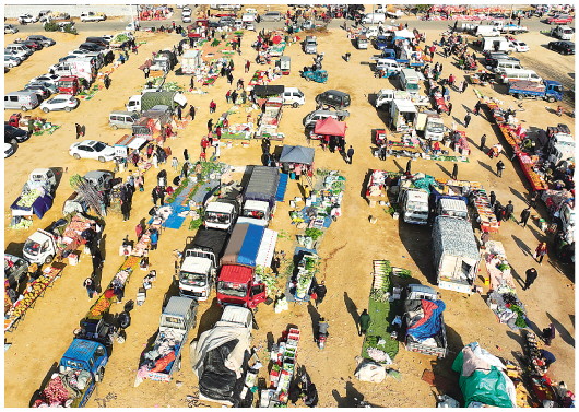 ▲12月24日,在山东省青岛市城阳区流亭街道双埠社区拍摄的年货大集(无人机照片)。新年临近,山东省青岛市城阳区流亭街道有序开放年货大集,满足百姓生活需求。 新华社发(王海滨摄)
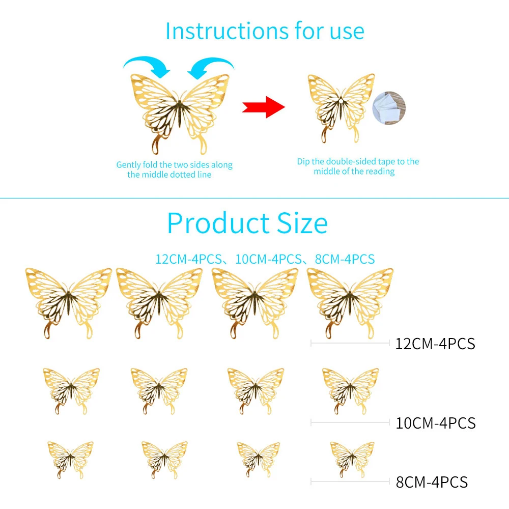 Посылка включает в себя: 12 * наклейки на стену бабочки
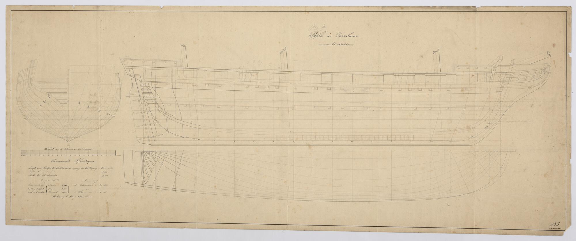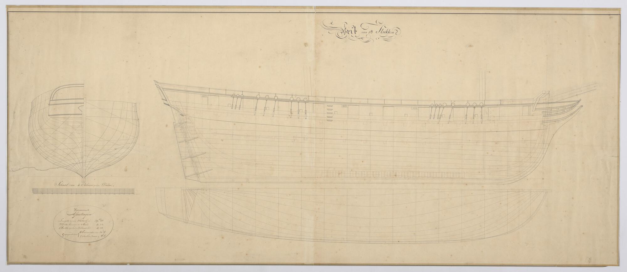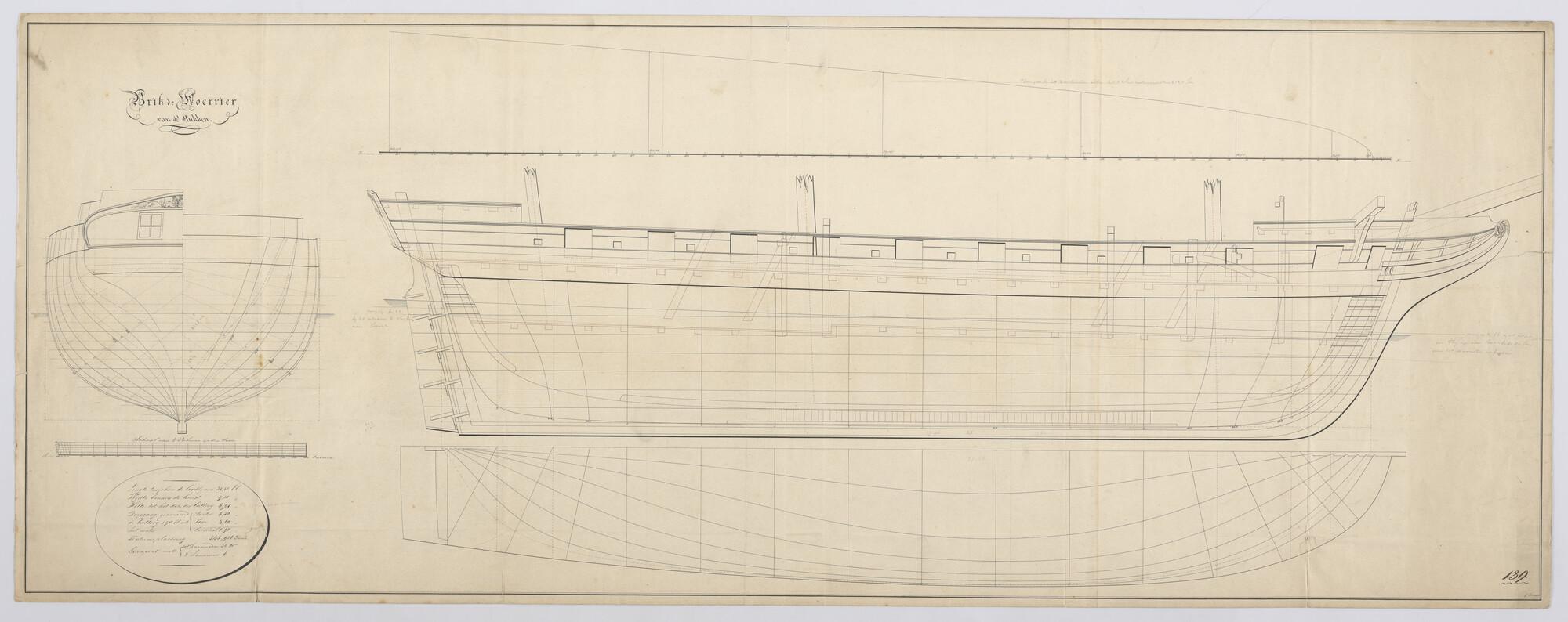 Lijnenplan van de brik Zr.Ms. 'Koerier' van 18 stukken
==============================
▶ [Work task]
Print the material above once more, exactly, minus the pictures.

▶ [Exercise answer]
 ▲12月24日,在山东省青岛市城阳区流亭街道双埠社区拍摄的年货大集(无人机照片)。新年临近,山东省青岛市城阳区流亭街道有序开放年货大集,满足百姓生活需求。 新华社发(王海滨摄)
 Посылка включает в себя: 12 * наклейки на стену бабочки
 Lijnenplan van de brik Zr.Ms. 'Koerier' van 18 stukken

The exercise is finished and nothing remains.